Context Injection Strategy

Conscious Ingest Mode

When conscious_ingest=True:

  1. Startup Analysis: Conscious Agent scans for conscious-info labeled memories
  2. One-shot Transfer: Transfers all labeled memories to short-term memory
  3. Session Persistence: Context remains available throughout the session
  4. No Re-analysis: Context stays fixed until next program restart

Auto Ingest Mode

When auto_ingest=True:

  1. Per-Query Analysis: Memory Search Engine analyzes each user input
  2. Dynamic Retrieval: Searches entire database for relevant memories
  3. Context Selection: Returns up to 5 most relevant memories
  4. Real-time Injection: Injects context into each LLM call

Combined Mode Strategy

When both modes are enabled:

# Combined context injection
essential_context = conscious_agent.get_short_term_memories()  # Fixed context
dynamic_context = search_engine.retrieve_context(user_input)  # Query-specific context

# Both contexts are intelligently merged and injected
total_context = merge_contexts(essential_context, dynamic_context)
inject_context(total_context)

Monitoring and Debugging

Verbose Mode

Enable verbose logging to see agent activity:

memori = Memori(
    database_connect="sqlite:///memory.db",
    conscious_ingest=True,
    auto_ingest=True,
    verbose=True  # Show all agent activity
)

Log Messages

With verbose=True, you'll see:

Memory Agent Activity:

[MEMORY] Processing conversation: "I prefer FastAPI"
[MEMORY] Categorized as 'preference', importance: 0.8
[MEMORY] Extracted entities: {'technologies': ['FastAPI']}

Conscious Agent Activity:

[CONSCIOUS] Starting conscious ingest at startup
[CONSCIOUS] Found 5 conscious-info labeled memories
[CONSCIOUS] Copied 5 memories to short-term memory
[CONSCIOUS] Conscious ingest complete

Memory Search Engine Activity:

[AUTO-INGEST] Starting context retrieval for query: 'What are my Python preferences?'
[AUTO-INGEST] Direct database search returned 3 results
[AUTO-INGEST] Context injection successful: 3 memories

Manual Control

# Check agent status
print(f"Conscious ingest enabled: {memori.conscious_ingest}")
print(f"Auto ingest enabled: {memori.auto_ingest}")

# Get memory statistics
stats = memori.get_memory_stats()
print(f"Total memories: {stats.get('total_memories', 0)}")

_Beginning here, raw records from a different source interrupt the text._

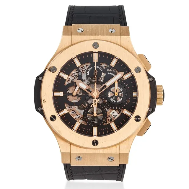 Hublot, Ref. 311.Px.1180.Gr, Big Bang Aero Bang, Chronograph aus 18-Karat-Roségold, Skelettiertes Zifferblatt mit Datumsanzeige, ca. 2010s, Gehäuse-Durchmesser: 44 mm, Gehäuse Nr': 919569, Uhrwerk: Automatik, Schätzwert: €7,300-11,000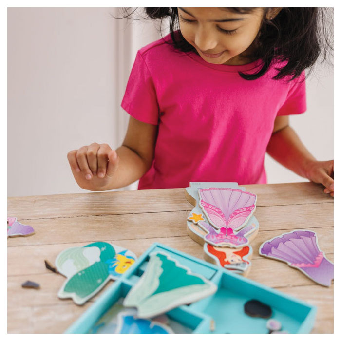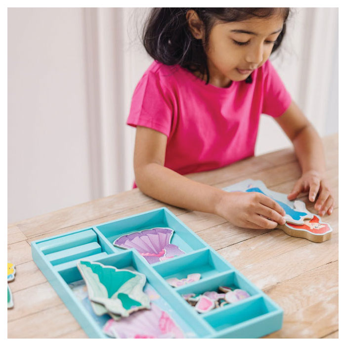 Ariels mix and match fashions are sure to make a splash. Kids can combine the 30+ sturdy wooden magnetic pieces to tell the tale of the little mermaid or create their own fashion story.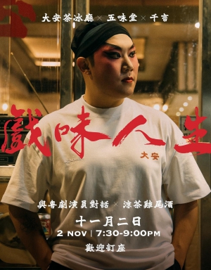 戲曲唱出人生百味, 涼茶雞尾酒入口回甘。傳統對話當下,戲味入酒成甘。一場只此一夜的跨界對話,大安限定。對話包括:粵劇由來及演變介紹「唱、念、做、打」千言的藝術背景與表演經驗五味堂調製的涼茶雞尾酒兩杯花生佐酒小食關於 千言原名陳傲賢。師承文千歲、梁少芯。專工文武生、小生。6歲初踏台板,曾在校際粵曲比賽獨唱組中獲得冠軍。修讀於嶺南大學,畢業後開始參與戲班的演出。不時被邀請到星加坡,馬來西亞,美國,加拿大等作演出交流。
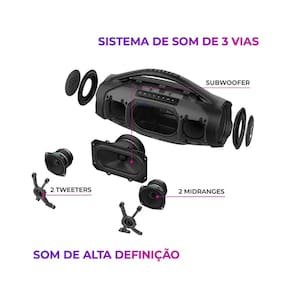 Reunir nossa família e amigos e desfrutar de uma boa música é um dos prazeres da vida, né? Curta um som potente e de alta definição com a Boombox Plus! A caixa de som foi projetada com sistema de som de 3 vias - 1 subwoofer, 2 midranges e 2 tweeters -, além de ter dois radiadores passivos laterais, 200W RMS de potência e o DNA japonês da marca AIWA. Com o certificado IP66, você e sua turma podem ouvir sua playlist favorita na beira da piscina ou na praia sem preocupação, já que a Boombox é resistente a jatos potentes de água e tem proteção total contra poeira. Incrível, né? Saiba mais sobre a Boombox Plus: 200W RMS de potência Sinta a experiência sonora impactante com os 200W RMS de potência da caixa portátil AIWA. Você será levado pela música com graves mais profundos e som potente. E, com a tecnologia Energy Saving, você mantém os 200W de potência até ouvindo música na bateria (fora da tomada).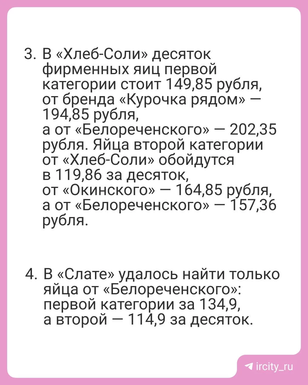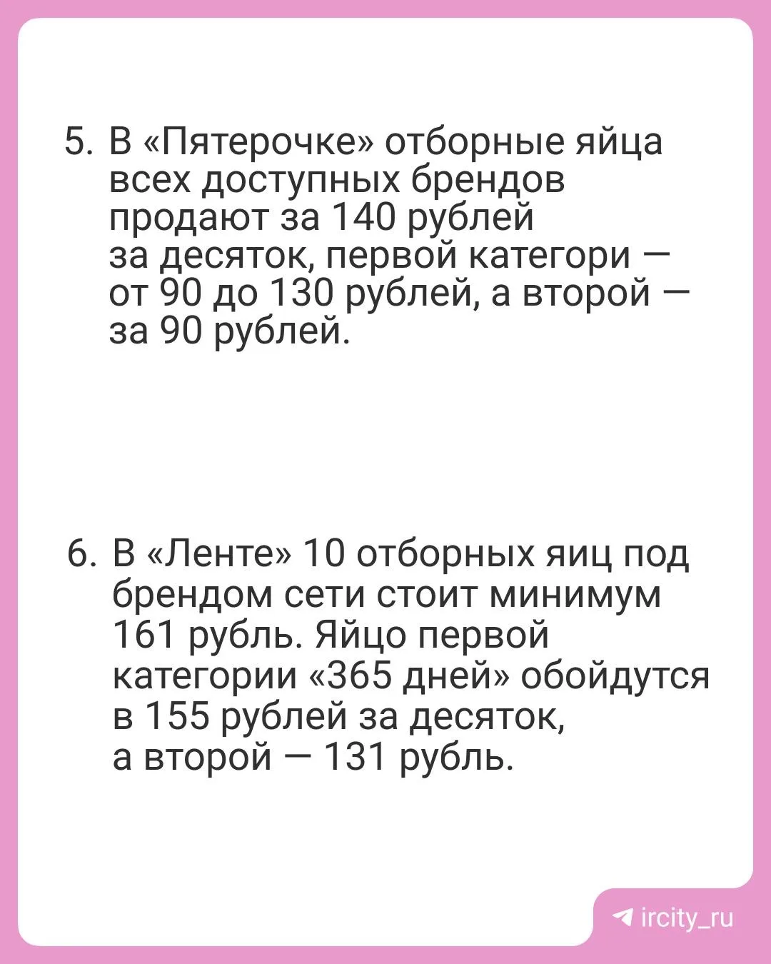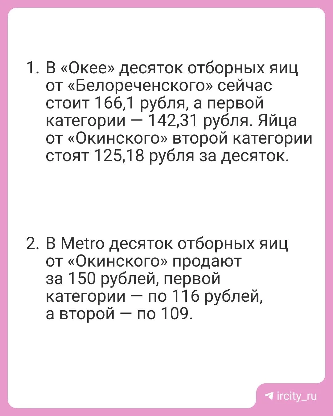 По данным «Иркутскстата» средняя цена десятка в области выросла с января по февраль с 98,52 рубля до 105,41 рубля. По данным на 16 марта, десяток яиц стоил 115,06.
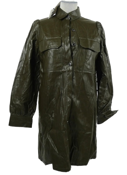 Nové - Dámsky khaki koženkový kabát Zara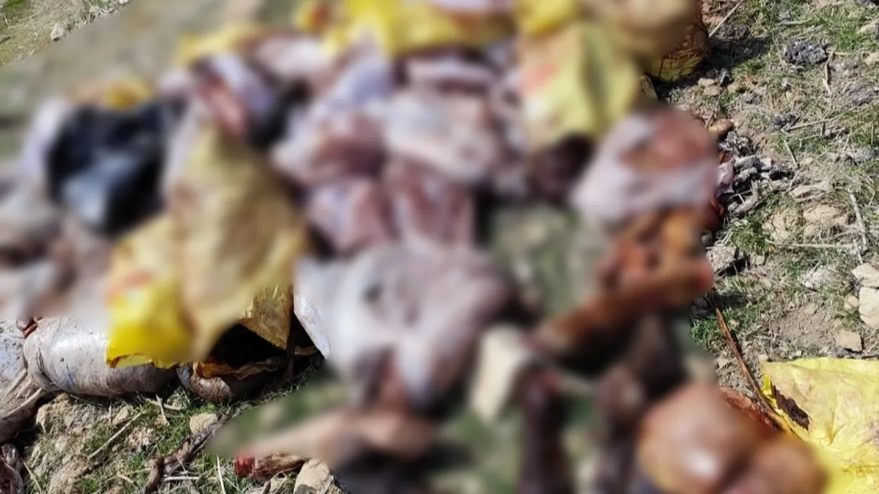Vatandaşların ihbarı üzerine olay yerine gelen Jandarma boş arazide çuvallar içinde bulunan eşek eti atıklarına el koydu.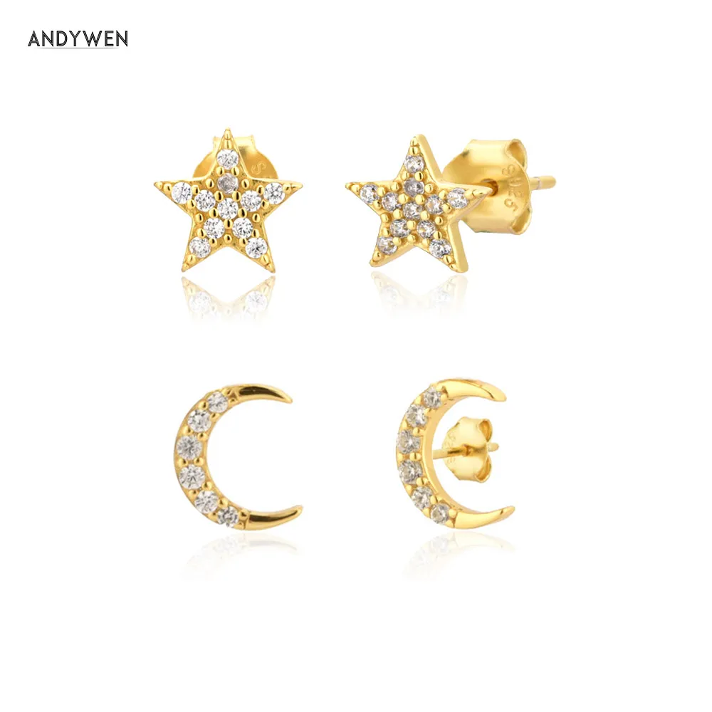 ANDYWEN 925 Стерлинговое Серебро, крошечные циркониевые фианиты, звезда, луна, фотоэлемент, роскошные кристаллы, Изящные Ювелирные изделия, свадебные аксессуары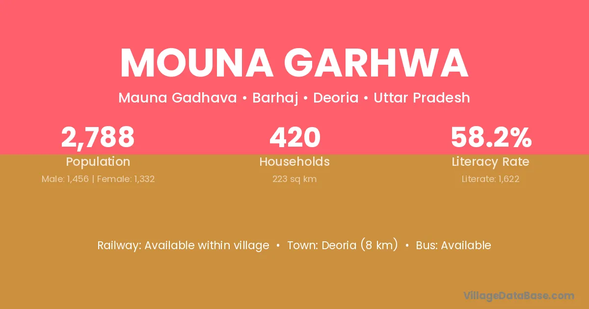 Deoria (8 km) is the nearest town to Mouna Garhwa village for major economic activities and is located approximately 8 km away.

# Check short-term memory (conscious ingest)
if memori.conscious_ingest:
    short_term = memori.db_manager.get_short_term_memories(namespace=memori.namespace)
    print(f"Short-term memories: {len(short_term)}")

# Test auto-ingest context retrieval
if memori.auto_ingest:
    context = memori._get_auto_ingest_context("What are my preferences?")
    print(f"Auto-ingest context: {len(context)} memories")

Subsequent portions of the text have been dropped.